A corporation suspended under the Corporation Code or the Revenue and Taxation Code is not allowed to exercise any of the powers and privileges of a corporation in good standing, including the right to sue or defend a lawsuit. See, e.g., Performance Plastering v. Richmond Am. Homes of Cal., Inc., 153 Cal. App. 4th 659, 668, 63 Cal. Rptr. 537, 545 (3d Dist. 2007) (Revenue and Taxation Code); Palm Valley Homeowners Ass’n v. Design MTC, 85 Cal. App. 4th 553, 560, 102 Cal. Rptr. 2d 350, 354-55 (4th Dist. 2000) (review denied) (Corporation Code). In fact, a suspended corporation may not transact business “of any kind.” Leasequip, Inc. v. Dapeer, 103 Cal. App. 4th 394, 403, 126 Cal. Rptr. 2d 782, 789 (2d Dist. 2002) (review denied); see also Cal. Rev. & Tax. Code § 23302(d) (a suspended corporation cannot sell, transfer, or exchange real property during the period of its suspension). Moreover, any contract made by a corporation suspended under the Revenue and Taxation Code is voidable by the other party to the contract. See Cal. Rev. & Tax. Code § 23304.1(a); Performance Plastering v. Richmond Am. Homes of Cal., Inc., 153 Cal. App. 4th 659, 669, 63 Cal. Rptr. 537, 545 (3d Dist. 2007). It is even a criminal offense, punishable by a fine of between $250 and $1,000, or by a prison term not exceeding one year, or both, for any person to attempt to exercise the powers, rights, and privileges of a corporation suspended under the Revenue and Taxation Code. See Cal. Rev. & Tax. Code § 19719(a). Although a suspended corporation can seek relief from the voidability of its contracts by filing an application for such relief with the Franchise Tax Board and paying all unpaid tax, penalties, and interest, together with an additional penalty assessed by the Franchise Tax Board, see id. § 23305.1, the statute of limitations on any causes of action belonging to the corporation is not tolled during the period of its suspension, see Leasequip, Inc. v. Dapeer, 103 Cal. App. 4th 394, 403, 126 Cal. Rptr. 2d 782, 788 (2d Dist. 2002) (review denied) (if the statute of limitations runs out prior to revival of a corporation’s powers, the corporation’s actions are time-barred even if the complaint would otherwise have been timely). In sum, there are substantial legal consequences that may result if a corporation does not keep up with its Secretary of State filings.
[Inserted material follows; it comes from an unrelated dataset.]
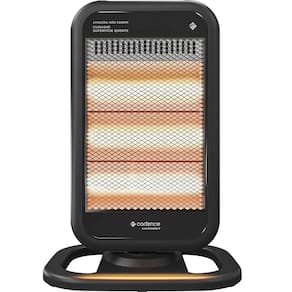 Aquecedor halógeno com 3 níveis de aquecimento, função oscilar, proteção contra superaquecimento e quedas, e design moderno com haletas luminosas. Não resseca o ar nem queima oxigênio.Tipo
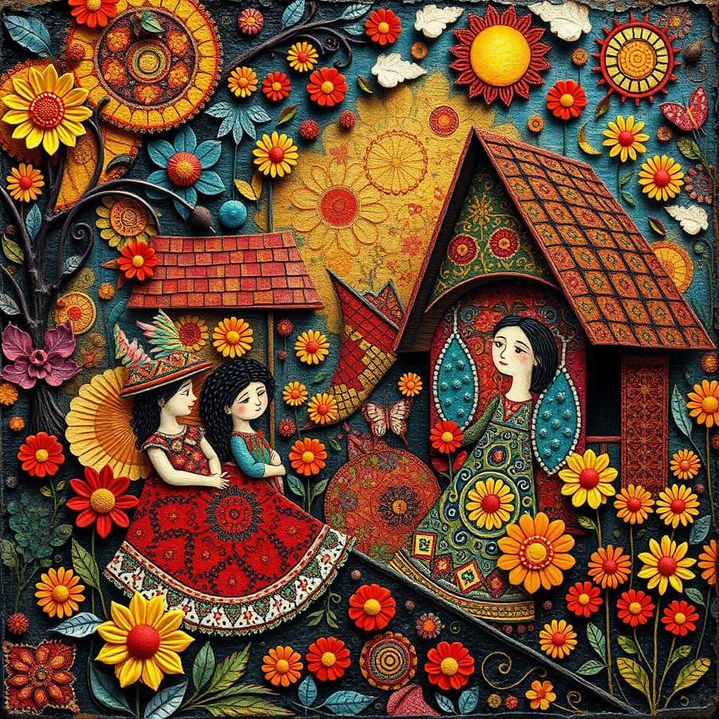 This vibrant scene showcases a fantastical Lithuanian folk art world, blending traditional patterns with abstract and surreal elements in a stunning, high-definition digital art piece.

And there are practical consequences as well. Even if the corporation is not suspended, parties to a proposed transaction will not close the deal if the corporation has not made all of its required filings and is not in good standing. It will, at least, be an enormous headache to obtain a costly legal solution to the problem at the last minute, and, if it cannot be resolved in time, the deal may even fall through permanently. Add to that the stigma of being perceived as doing business in a lax fashion by not making filings that are a matter of public record for all to see, and the corporation’s hard-earned reputation may take an unwanted hit. (For more on the practical consequences of not completing necessary filings in a timely fashion, see Risky Business: What You Need to Know About Corporate Compliance. These are risks that are not worth taking when it is a relatively simple matter to institute a corporate compliance program to insure that all Secretary of State filings are timely made.